Çocuklara, büyüklerin anlayamadıkları Allah’tan söz etmek, körpe dimağlarına sağlam fikir tohumları saçacak yerde, o yaştakileri ahiretin cehennemiyle korkutmak, cennet mükâfatıyla morallendirmek ve sonra onlardan hayatta müspet yararlıklar beklemek, bir çocuğu, olmadık şeylere inandırmak istemek, onu aptallaştırmaya uğraşmak, demektir. Dürüst, pozitif düşünebilmek hususundaki zekâlarını boza boza zavallıları hiçbir şeyi doğru muhakeme edemeyecek bir hale getirmek… Bununla beraber iş, çocuğun bu sualini büsbütün cevapsız bırakmanın da sakatlıklarını gösterecek bir incelikte idi.
Kant’ın dediği gibi, Allah var olsa bile, vücudu akıl ile ispat olunamaz. İspat olunamayan şey üzerine kurulan temelsiz dinleri hangi uçlarından tutabiliriz. Onun içindir ki, bunları biraz kurcalayınca manasızlıklar, zıtlıklar, çatışmalar sırıtır durur. Hiçbir yalanlama sesi çıkaramayan bu sonsuz bilinmezliğin mutlakıyetinden cesaretlenen yalancılar, onun adına uydurmadıkları gülünç masal bırakmadılar. Allah’ın yasak kıldığı yalanın bir günahı olaydı, önce bu yalancıların dilleri tutulurdu. Yüzyıllardan beri çocuk hikâyelerini geride bırakan kaba saba efsaneler… Kâh gökten melek indirirler, kâh göğe insan çıkarırlar. Tevrat zamanından beri insanların akılları bir arpa boyu serpmedi mi ki?.. Hâlâ o menkıbe, hâlâ o saffet, hâlâ o cehalet… Kendimin inanmadığım bir akideyi çocuklarıma nasıl öğretebilirim. Dini moral sağlam olamaz. Bu, tıpkı çocuğa: &‘Uslu otur, Yükte umacı var. Çıkarsa şimdi seni yutar’, demek gibi bir korku vermeye benzemez mi? Çocuk büyüyüp de yükten umacı çıkmayacağını anladığı gün, yapacağını yapar, artık önüne geçilmez. Din adına bize telkin edilenlerin hep yalan olduğunu anlayınca, yüreklerimizden dine ve dindarlara karşı bir gülümseme kabardı.
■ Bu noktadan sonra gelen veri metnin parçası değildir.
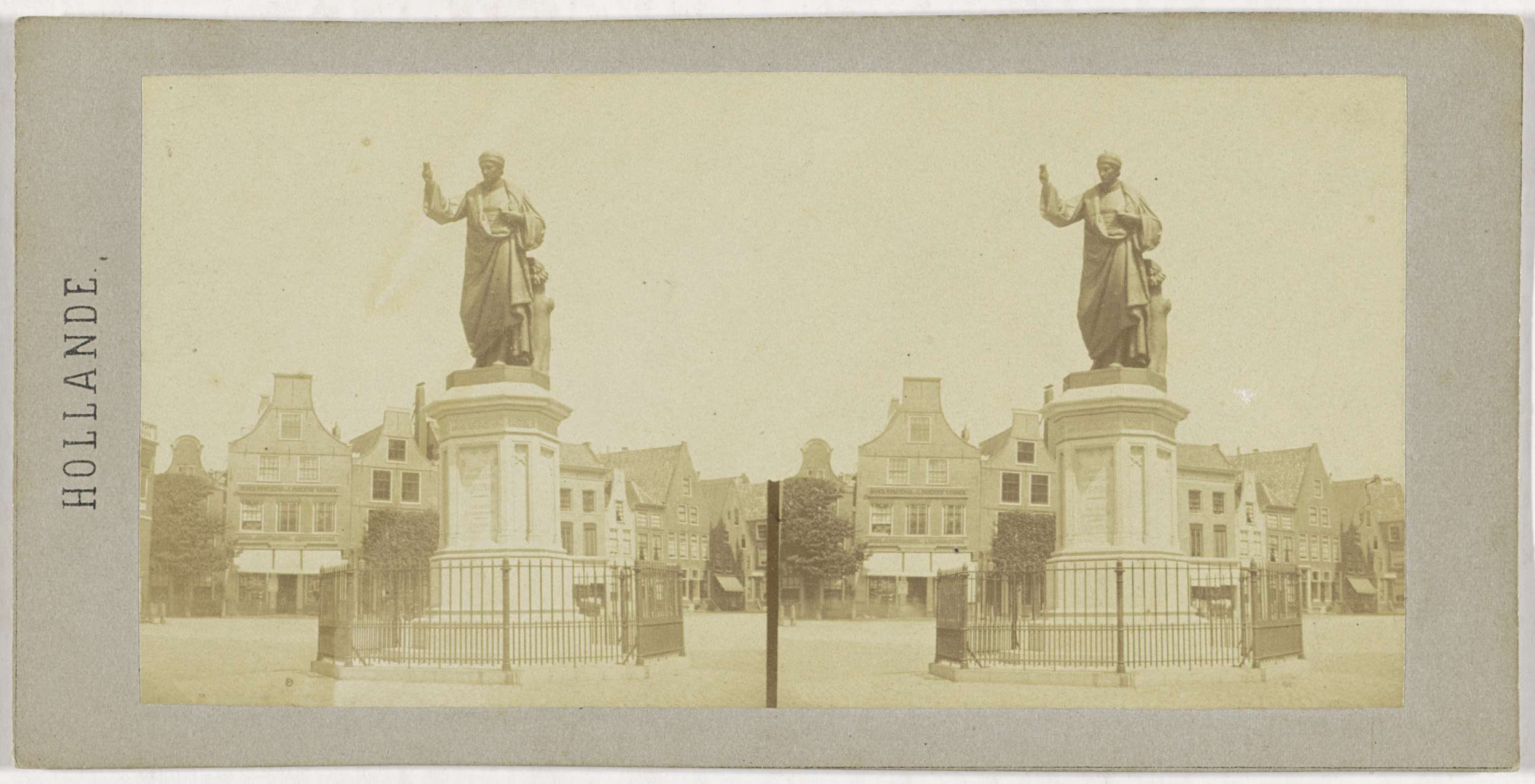 Gezicht op het standbeeld van Laurens Koster in Haarlem

Biz araya başkalıklar sokmaya uğraşmışız. İnsan ölüsüne &‘cenaze’, hayvanınkine &‘leş’ diyoruz. Bunlar insanlığın şerefine, hayvanlığın aleyhine uydurduğumuz gülünç sözlerdir. Kendi kendimizi böyle pohpohlamakla hiçbir şey değiştirmiş olmayız.
Serbestliğini zorla alandan geri alabilmek için zorbadan daha kuvvetli olmaktan başka yol yoktur.
Milyonlarca eğrilerin içinde bir doğru rahat yaşayamaz. Siz kimseye fenalık etmezsiniz, fakat bunu size durmadan ederler. Dünya doğrulmayınca siz yaşamak için muhite uyarak yavaş yavaş eğrilmek zorunda kalacaksınız. Azlık, her zaman çokluğa uyar.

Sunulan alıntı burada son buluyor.